This post is going to discuss some of the analysis I had to do in a project recently. The project is the creation of a basketball manager game. During the design phase of the project it became clear that one of the most important aspects of the project was going to be defining and implementing accurate player behaviour. So I had to come up with some method of defining different players and how they played. I came across a talk From 5 to 13: Redefining the Positions in Basketball from the Sloan Sports Conference 2012. This started me down the track of finding different player types and the players that fit into each group. Then from reading Basketball Analytics: Spatial Tracking by Stephen Shea I had a method of calculating these groups.
The first step is to collect the data. This came from two places. During the design phase this came from basketball-reference.com which contains a large database of basketball statistics. All the player data was collected from the 2013-2014 season and saved in a spreadsheet. During the evaluation phase this data came from the output of simulations. Once the data is stored in a spreadsheet the data must be standardized. This is done by subtracting average and dividing by the standard deviation of each statistic. However the standardize function supplied with google spreadsheets was used to speed up this process.
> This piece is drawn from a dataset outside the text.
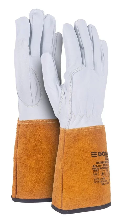Rękawice spawalnicze DONAU SAFETY DS-KEV WELTIG, kevlar, skóra kozia, rozm. 9/L, biało-złote — Rękawice ochronne spawalnicze do spawania metodą TIG wykonane z bardzo dobrej jakości licowej skóry koziej stworzona do prac w przemyśle spawalniczym, energetycznym, metalurgicznym elastyczna, miękka skóra i brak podszewki sprawiają, że sprawdza się przy pracach spawalniczych wymagających precyzji szyte nicią kevlarową, zwiększającą trwała rękawicy (odporna na wysokie temperatury) podwójne szwy dla wzmocnienia rękawicy bardzo trwała, zapewniająca precyzyjny chwyt elastyczny nadgarstek dla lepszego dopasowania zakończone długim, sztywnym mankietem ze skóry bydlęcej dwoinowej rękawice ochronne chroniące przed uszkodzeniami mechanicznymi rękawice ochronne chroniące przed zagrożeniami termicznymi (odporne na wysokie temperatury oraz odpryski ciekłego metalu) zgodność z normami EN 388:2016+A1:2018 (3121X), EN 407:2004 (41XX4X), EN ISO 21420:2020, EN 12477:2001+A1:2005, Typ B

The next step is to apply a filtration to the data. By doing this each player will get an x and y coordinate on a chart that is represented by their playstyle. The x and y coordinate is calculated by looking at certain standardized statistics that describe a player. For this project I used a simple filtration that looks at assists, rebounds, three point attempts and two point attempts, pictured above. A much more complex filtration could be used, however I felt it best to get a simple base to work from. The book describes a filtration containing 8 elements(directions) and using a wider array of statistics. The assists and rebounds are on the x axis and the three point and two point attempts are on the y axis. The calculation to get a player’s coordinates is:
PlayerX = rebounds – assists
PlayerY = two point attempts – three point attempts
This is applied to each player in the spreadsheet. The data can then be put into a chart using the x and y coordinates. Similar players will be grouped together and certain play styles can be found. The chart below shows the bubble chart of the NBA players in 2013-2014. It only includes players who played more than 30 minutes a game to make the chart more visible. Players are grouped by their team and use their points per game to measure the size of each bubble.
The final step is to group the players together. The image above shows a rough outline of the 9 player types that I found during analysis. Each of these types had to be implemented into the game so that the AI players could behave in that manner. The image below shows the 5 different positions in basketball playing as each of the different strategies as an “average” player. Its worth noting the slope between the 5 positions as you would expect. The point guard has more assists and takes more shots outside while the centre is getting a lot more rebounds. Also the increase/decrease in the y-axis matches how the strategies should be playing.
Finally we have the recreation of the Memphis Grizzlies and the Golden State Warriors in the game and their stats compared to real life. While the players aren’t all exactly matching up, most are close to where they should and playing in a similar manner. The project has been quite successful in recreating the game of basketball and used some good analytic techniques in proving this. I will continue to work on it in the future however, trying to get it even close to the NBA and real life basketball.